Investors flock to gold funds as fears over Trump tariffs mount

April 1, 2025

Stacks of gold bars are arranged on metal racks at a gold refinery
Gold reached a record $3,148.88 a troy ounce on Tuesday, taking gains this year to 19% © Alberto Bernasconi/FT

Investors are pouring cash into gold funds at the fastest pace since the Covid-19 pandemic, amid mounting concerns over the economic impact of US President Donald Trump’s tariff war.

Gold reached a record $3,148.88 a troy ounce on Tuesday, taking gains this year to 19 per cent — after its strongest quarterly performance since 1986 — as part of a broader flight to haven assets such as US Treasuries and cash.
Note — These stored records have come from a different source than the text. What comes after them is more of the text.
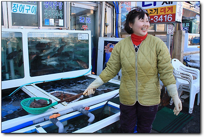 아주머니는 살아있는 물메기를 바로 건져 올린다.
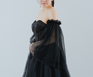 透け感のある黒が肌の色を引き立て、上品さと大人の魅力を同時に演出します。
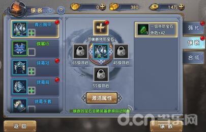 另外当玩家角色等级达到指定等级时,可镶嵌宝石的位置会被激活。玩家随着等级的提升,可以激活更多的宝石镶嵌槽。
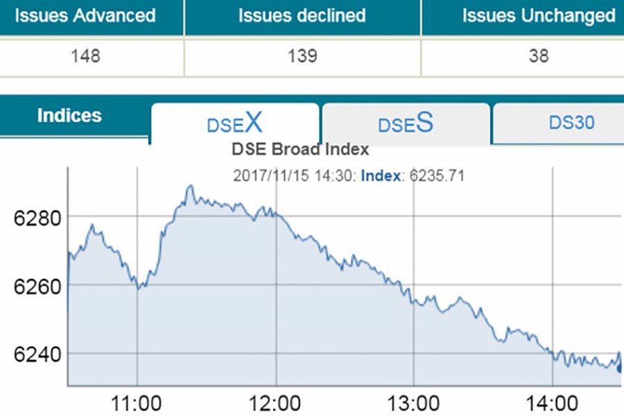 DSEX, the prime index of the DSE, which replaced the DGEN in nearly five years back, went down by 16.43 points or 0.26 per cent to settle at 6,236.

Investors are bracing themselves for Trump’s expansive new tariffs, which are due to be announced on Wednesday, a day he has dubbed “liberation day”. Many economists fear the move will hit global growth, triggering a search for safe assets.

“Uncertainty is one of the main factors that has led to a renewed interest in gold,” said Krishan Gopaul, senior analyst at the World Gold Council, an industry body. “There is a general risk-off sentiment in the market at the moment.”
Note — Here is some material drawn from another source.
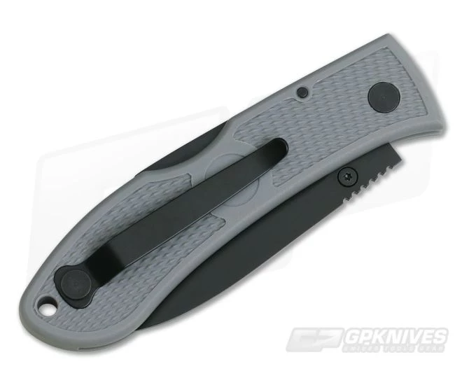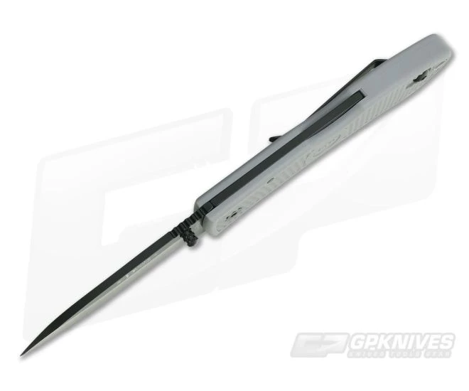 Handle:Â This comfortably textured Gray Zytel handle is lightweight and durable. It has no liners to weigh it down with black hardware and a lanyard hole to boot. You’ll find a black coated reversible pocket clip attached for tip up left or right hand carry. This makes the Dozier Folder a truly ambidextrous companion.
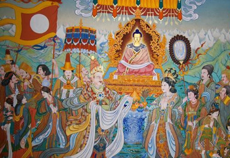 To forge ties with neighbouring Nepal, Songtsen Gampo sent envoys to King Amsuvarman seeking his daughter’s hand in marriage and the king accepted. His daughter, Bhrikuti, came to Tibet as the king’s Nepalese wife (tritsun; belsa in Tibetan). The image of Akshobhya Buddha, which she had brought as part of her dowry, was deified in a temple in the middle of a lake known as Ramoche.

Amid mounting fears of a global trade war, investors have poured more than $19.2bn into gold-backed exchange traded funds during the first quarter of this year — the biggest inflows in dollar terms since the pandemic, according to calculations from Standard Chartered.

Line chart of Year-to-date performance (%) showing Gold and other haven assets prosper

The amount of cash in investors’ portfolios — seen as a gauge of caution — jumped by the largest monthly amount in five years, according to a recent fund manager survey carried out by Bank of America.

US Treasuries have also strengthened in the run-up to the tariff announcement, as investors seek to protect themselves against further volatility and hedge against risks to the US economy. 

Ten-year Treasury yields, which move inversely to prices, fell as low as 4.16 per cent on Tuesday — not far above their lowest level of the year.

Yields on German Bunds, viewed as the haven Eurozone asset, were sent sharply higher last month as the country planned a huge spending drive, but fell back below 2.7 per cent this week for the first time since early March. 

Central bank buying has been the main driver of gold purchases in recent years, but the recent surge in gold ETF inflows highlights how fears over the economy and stock markets have drawn in a broader range of investors as part of a hunt for haven assets.

“The resurgence in ETFs has been the most notable shift in gold dynamics in recent weeks,” said Suki Cooper, precious metals analyst at StanChart. Expectations of lower yields on other assets, combined with concerns that tariffs could hit inflation and growth, have helped fuel the recent flows, she said.

Line chart of Total known gold ETF holdings (mn troy oz) showing Gold ETF holdings rise

Bullion’s sharp rally in recent months has prompted several banks to increase their gold price forecasts, including Macquarie, which now expects it to touch $3,500 this year.

Tariff concerns have also driven a huge surge in physical gold bars being flown into New York, where stockpiles on Comex have reached record levels, although that flow has recently started to slow down.

On Wall Street, defensive stocks seen as less exposed to economic growth have prospered. Healthcare stocks such as UnitedHealth and HCA Healthcare are up about 10 per cent over the past month, while the broader S&P 500 index is down 5 per cent.